For the polygon, the first \((x,y)\) pair is \((9,0)\), the second is \((2,0)\) (where \(x = 2\) is the lower limit of the plot…there is no need to take the polygon further “to the left”), and the next set are \((x,f_X(x))\) for all \(x\) values \(\leq 9\). The last point is the first point: this closes the polygon.
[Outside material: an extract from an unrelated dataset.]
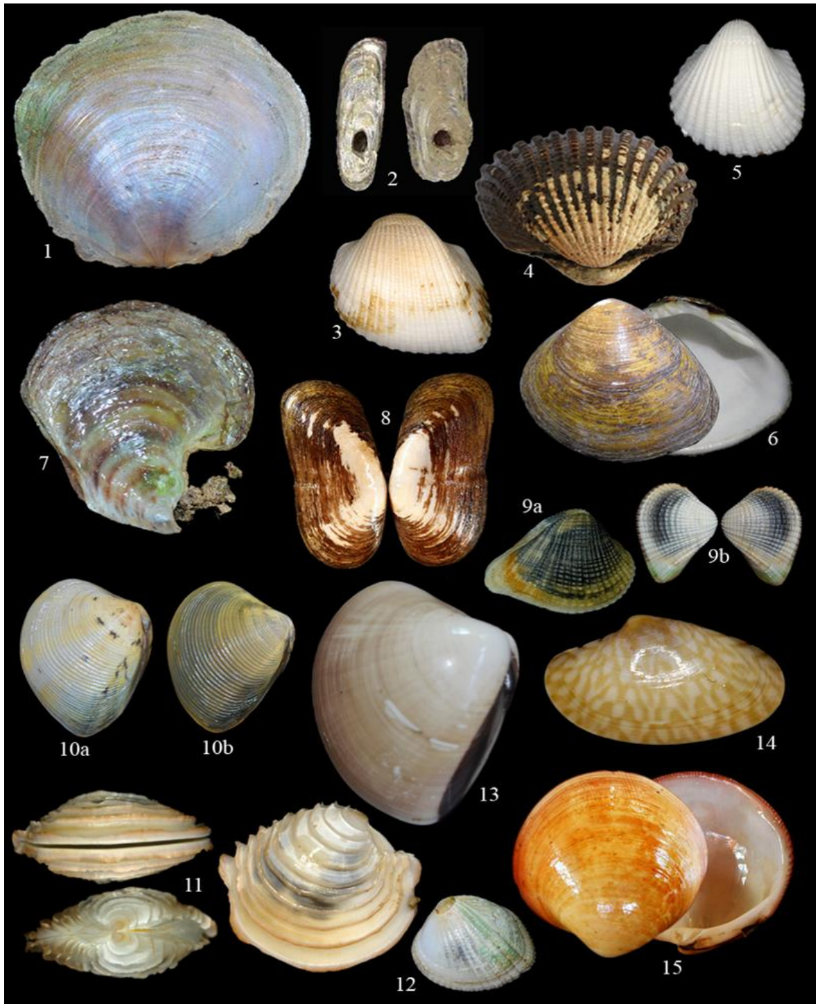
Fig 2: Species of bivalves encountered in Iwahig River-Estuary, Palawan, Philippines. 1) Placuna placentia , 2) Enigmonia aenigmatica , 3) Anadara uropigimelana , 4) Anadara granosa , 5) Potiarca pilula , 6) Polymesoda erosa , 7) Isognomon ehippium , 8) Azorinus coarctatus , 9) Anomalocardia squamosa , 10) Callista erycina , 11) Clausinella chlorotica , 12) Gafrarium pectinatum , 13) Meretrix meretrix , 14) Paphia undulata , 15) Cyclina orientalis .

three habitats. Only two species were displayed for sale at vending stalls.

2.4 Moment-Generating Functions
In the previous chapter, we learned that if we linearly transform a random variable, i.e., if we define a new random variable \(Y = \sum_{i=1}^n a_i X_i + b\), where \(\{a_1,\ldots,a_n\}\) and \(b\) are constants, then \[ E[Y] = E\left[\sum_{i=1}^n a_i X_i + b\right] = b + \sum_{i=1}^n a_i E[X_i] \,. \] Furthermore, if we assume that the \(X_i\)’s are independent random variables, then the variance of \(Y\) is \[ V[Y] = V\left[\sum_{i=1}^n a_i X_i + b\right] = \sum_{i=1}^n a_i^2 V[X_i] \,. \] (Because the \(X_i\)’s are independent, we do not need to take into account any covariance, or linear dependence, between the \(X_i\)’s, simplifying the equation for \(V[Y]\). We discuss how covariance is taken into account in Chapter 6.) So we know where \(Y\) is centered and we know how “wide” it is. However, we don’t yet know the shape of the distribution for \(Y\), i.e., we don’t yet know \(f_Y(y)\). To show how we might derive the distribution, we introduce a new concept, that of the moment-generating function, or mgf.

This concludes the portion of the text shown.